STM32CubeMonitor will perform this optimization automatically :

  • If 3 u8 variables are in the same u32 block, the tool will read one 32bit data instead of 3 u8 access. It is 3 time faster, and the u8 values will be extracted inside STM32cubeMonitor
  • if 2 variables are in the same memory area, it is more efficient to read a bigger block.
  • Unfortunately when variables are not in the same area, the software will need to perform 2 access.

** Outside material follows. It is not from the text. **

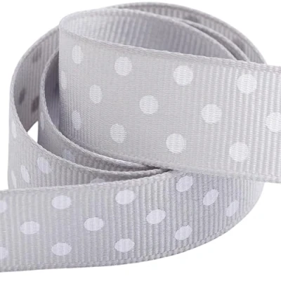 Polka Dot Grosgrain Ribbon 25mm x 10 Metres Silver

To improve performances, it is better to declare all the variables to monitor in the same memory area.

4. Snapshot mode

In snapshot mode, the data are copied by the embedded software to a buffer, and STM32CubeMonitor downloads this buffer. The "sampling frequency" is the rate to dump the buffer form the target.
The real acquisition rate can be higher than "sampling frequency", as it is managed by target MCU firmware. The snapshot mode can be useful to capture fast events, but the buffer fill speed must not be too high to avoid buffer overflow. Snapshot can be very efficient to store "burst" events.

5. Optimization of flow

When some graphical elements like gauges or bar-graph are used, there is no need to display data hundreds of times per seconds. The "single-value" subflow includes a rate limiter to decrease the number of data sent to dashboard nodes. This rate limitation reduce the computer CPU load, and allows to keep bandwidth for the acquisition.

6. Conclusion

The sampling rate can reach 1000Hz for a single variable, and if many variables are used the bandwidth will be shared and speed reduced.
It is worth to group all data in the same memory area to benefit of read optimizations.